羅建林的詫異不在兩個大人,而是他們護在中間的小女孩,“這么小的孩子怎么都帶過來了,你們”
不怕她死在下放期間嗎
然而,最后這幾個字他并沒有說出來,看著三人惶恐的神色,到底是不忍心開口。
東北的冬季有多難熬啊
他們肯定不能被安頓在知青屋,只能落腳在四面都透風的牛棚,再看看他們身上挎著的小包行李,怕是連厚實的衣物都沒有。
沒有熱炕、沒有暖和棉被棉衣。
吃不飽、穿不暖,還得做最累最臟的活,他們這一家三口怎么熬得過去
連大人都不一定能撐過去,更別說一個小孩子了。
“同、同志,我們一定會好好干活。”程行有些忐忑,卻又不得不為了家人站出來,一路從老家趕到這邊,他其實已經后悔將女兒帶上了。
來之前就做好了心理準備,但現實比他們想象中更難。
哪怕女兒不住哭鬧,他都應該拒絕帶上她,而是該立馬和女兒劃清關系,托付給家里人才是。
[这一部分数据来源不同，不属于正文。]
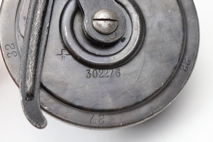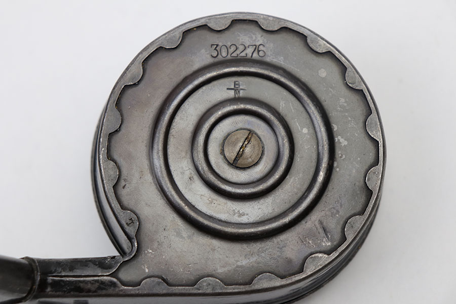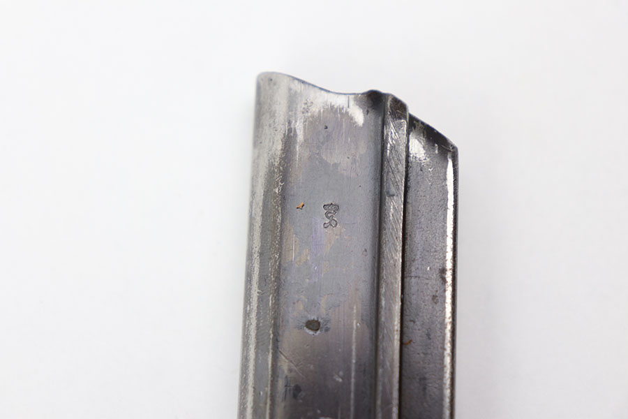 12/7/20 – This is an original WW1 era production snail drum Luger magazine. The magazine is original but the leather case is post war production. The leather case is unmarked and in excellent condition. The magazine is all original with a strong, functional spring. The serial number on the top and bottom of the drum are matching, and the spring is strong and functional. There is an imperial proof stamp near the top of the magazine tube. Also “B/N” maker stamped by Bing. The finish is in great shape overall with light patina and edge wear but no rust or pitting.

現在一切都太遲了,此時的他都極為恍然,在路上時還想著盡可能和周邊的人搞好關系,讓他們一家三口不至于過得太難。
可現實直接打了他的臉,打的特別重。
話說的再好聽、笑容笑得再諂媚,打上臭老九的身份后,他們就成為了最下等的人,無數謾罵和欺辱,早已經讓他們的身心疲憊。
原先還極為熱絡愛交際的程行根本不敢多說話,只是怯弱護著妻女,保證他們一定會好好干活,絕對不敢不聽從吩咐。
羅建林視線落在他的臉上,仍舊能看到鼻翼上的傷痕,顯然這一路走得并不安穩,他不好多說什么,只是冷著面道“你們等下跟著我回去。”
“好好好。”程行連連點頭,不敢再多說什么。
他們不知道要等多久,也不敢開口去問,安靜的待在原地等待著。
小姑娘動了動腳,有些站不住。
賀梅想將女兒抱在懷里,讓她歇歇腳。
剛彎了彎身,程行就壓了壓她的手,輕聲道“我來。”
賀梅眼里帶著淚,她沒說什么,只是接過丈夫身上的包袱,仍由她將女兒抱在懷中。
賀梅無聲的替女兒整理整理衣服。
可視線落在一處卻立馬僵住。
她家的小囡囡從出生就沒怎么受過苦,稍稍有些不舒服就會憋著嘴掉淚珠子,得哄好長時間才會笑起來。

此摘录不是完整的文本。